» **Data extracts**:
=== Section Start ===

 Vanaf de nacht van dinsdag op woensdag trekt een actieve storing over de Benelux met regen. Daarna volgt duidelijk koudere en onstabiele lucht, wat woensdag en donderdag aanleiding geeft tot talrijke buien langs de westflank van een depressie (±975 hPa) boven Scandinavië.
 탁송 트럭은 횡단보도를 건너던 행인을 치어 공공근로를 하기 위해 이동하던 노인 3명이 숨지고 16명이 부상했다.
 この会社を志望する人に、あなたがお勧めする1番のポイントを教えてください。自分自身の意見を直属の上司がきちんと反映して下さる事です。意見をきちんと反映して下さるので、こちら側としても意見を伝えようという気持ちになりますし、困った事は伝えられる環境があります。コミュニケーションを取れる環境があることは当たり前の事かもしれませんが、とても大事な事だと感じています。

=== Section End ===
=== Section Start ===

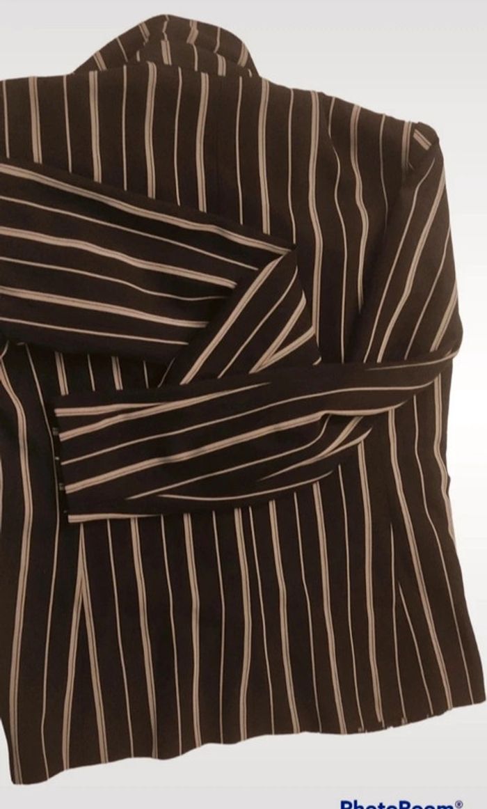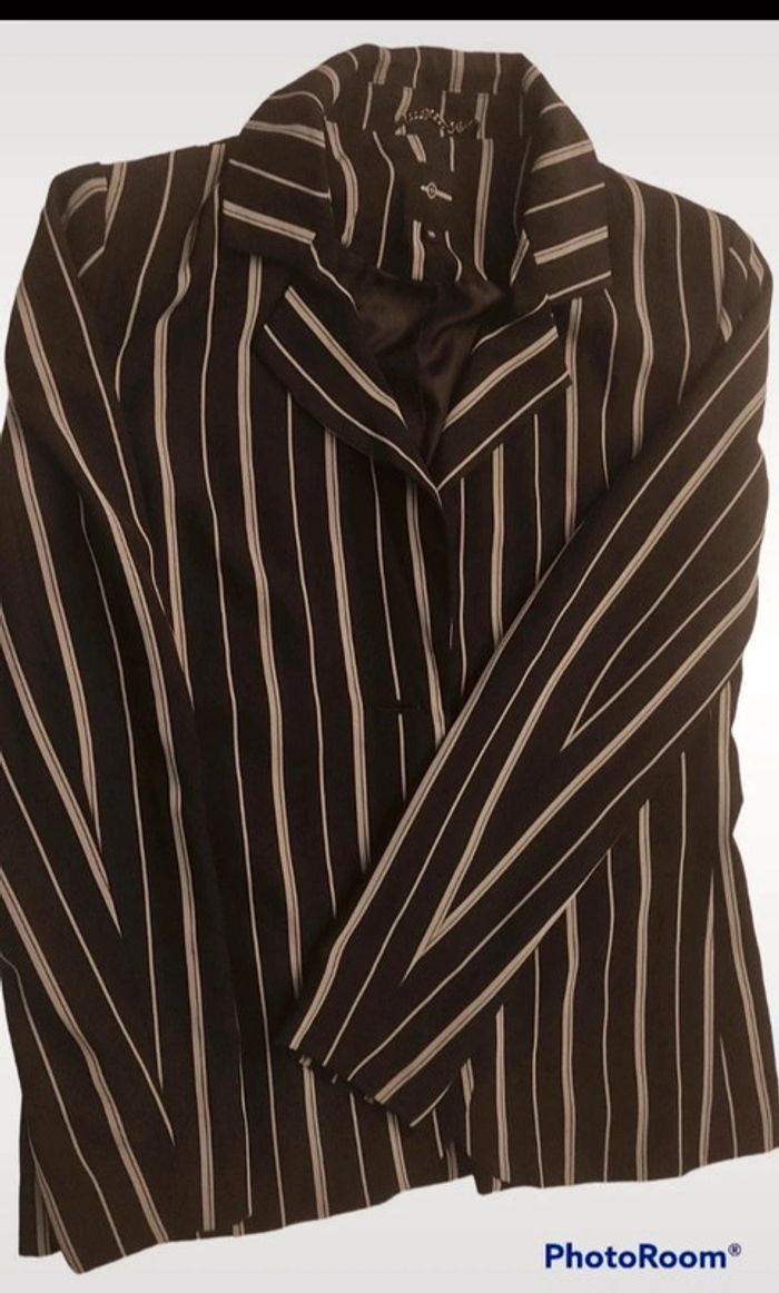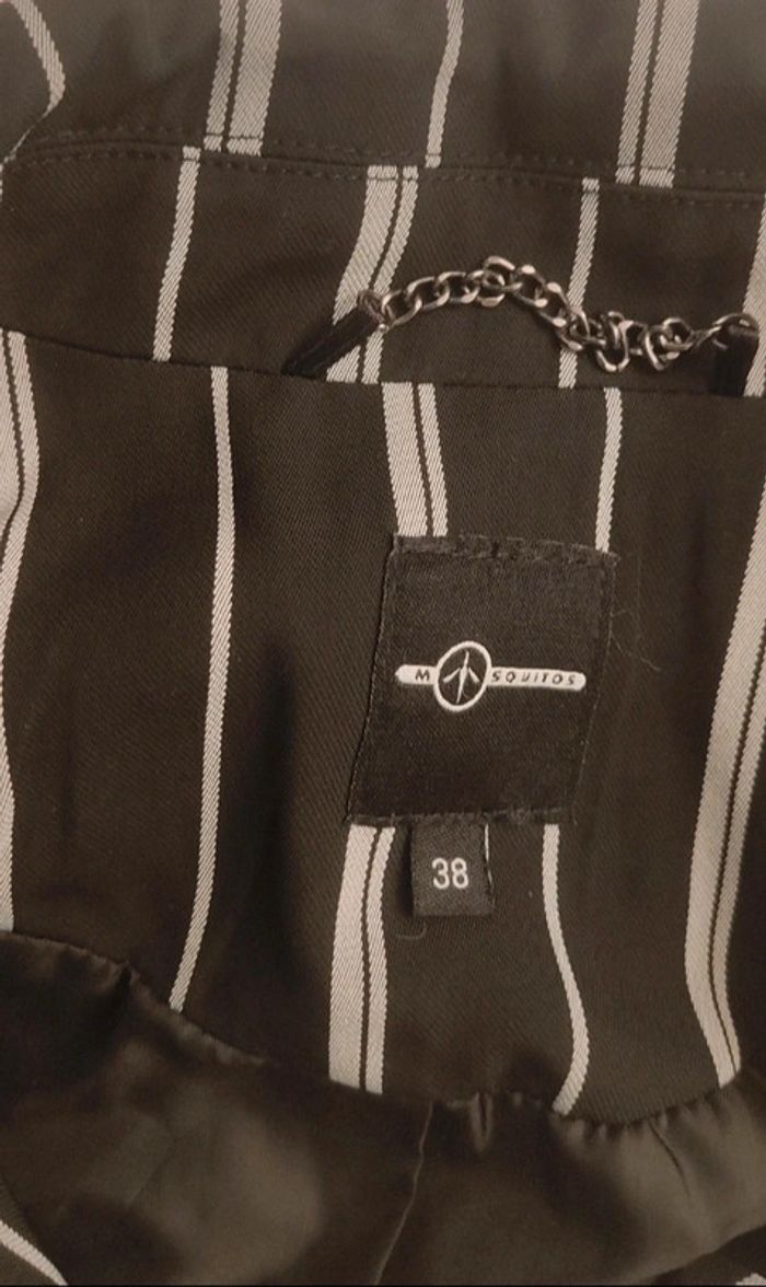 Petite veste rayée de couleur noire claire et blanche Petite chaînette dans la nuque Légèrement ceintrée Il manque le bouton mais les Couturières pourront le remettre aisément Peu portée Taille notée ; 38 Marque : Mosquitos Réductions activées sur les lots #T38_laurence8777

=== Section End ===

» **Work order**: Please make an exact copy of the lines above from the line with "Vanaf de nacht" through the line with "この会社を志望する人に、あな", both ends included.

» **Problem solution**:
 Vanaf de nacht van dinsdag op woensdag trekt een actieve storing over de Benelux met regen. Daarna volgt duidelijk koudere en onstabiele lucht, wat woensdag en donderdag aanleiding geeft tot talrijke buien langs de westflank van een depressie (±975 hPa) boven Scandinavië.
 탁송 트럭은 횡단보도를 건너던 행인을 치어 공공근로를 하기 위해 이동하던 노인 3명이 숨지고 16명이 부상했다.
 この会社を志望する人に、あなたがお勧めする1番のポイントを教えてください。自分自身の意見を直属の上司がきちんと反映して下さる事です。意見をきちんと反映して下さるので、こちら側としても意見を伝えようという気持ちになりますし、困った事は伝えられる環境があります。コミュニケーションを取れる環境があることは当たり前の事かもしれませんが、とても大事な事だと感じています。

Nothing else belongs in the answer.